What you will do:
Print the listing below exactly, minus its pictures.

──────── Exercise data

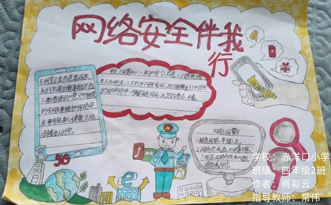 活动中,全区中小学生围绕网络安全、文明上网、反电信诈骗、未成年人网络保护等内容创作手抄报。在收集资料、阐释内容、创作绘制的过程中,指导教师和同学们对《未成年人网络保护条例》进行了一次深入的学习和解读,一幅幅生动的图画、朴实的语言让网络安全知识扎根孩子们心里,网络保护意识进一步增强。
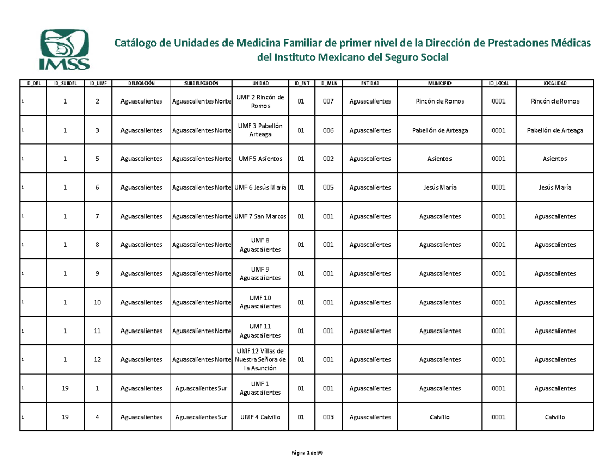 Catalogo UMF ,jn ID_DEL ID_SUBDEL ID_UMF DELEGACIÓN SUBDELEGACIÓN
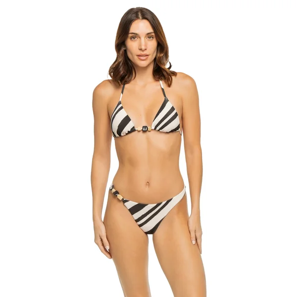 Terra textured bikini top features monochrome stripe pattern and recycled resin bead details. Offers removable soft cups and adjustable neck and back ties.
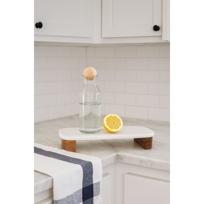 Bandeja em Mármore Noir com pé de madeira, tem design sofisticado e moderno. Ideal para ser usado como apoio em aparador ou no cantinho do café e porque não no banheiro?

────────────────

Exercise result:
 活动中,全区中小学生围绕网络安全、文明上网、反电信诈骗、未成年人网络保护等内容创作手抄报。在收集资料、阐释内容、创作绘制的过程中,指导教师和同学们对《未成年人网络保护条例》进行了一次深入的学习和解读,一幅幅生动的图画、朴实的语言让网络安全知识扎根孩子们心里,网络保护意识进一步增强。
 Catalogo UMF ,jn ID_DEL ID_SUBDEL ID_UMF DELEGACIÓN SUBDELEGACIÓN
 Terra textured bikini top features monochrome stripe pattern and recycled resin bead details. Offers removable soft cups and adjustable neck and back ties.
 Bandeja em Mármore Noir com pé de madeira, tem design sofisticado e moderno. Ideal para ser usado como apoio em aparador ou no cantinho do café e porque não no banheiro?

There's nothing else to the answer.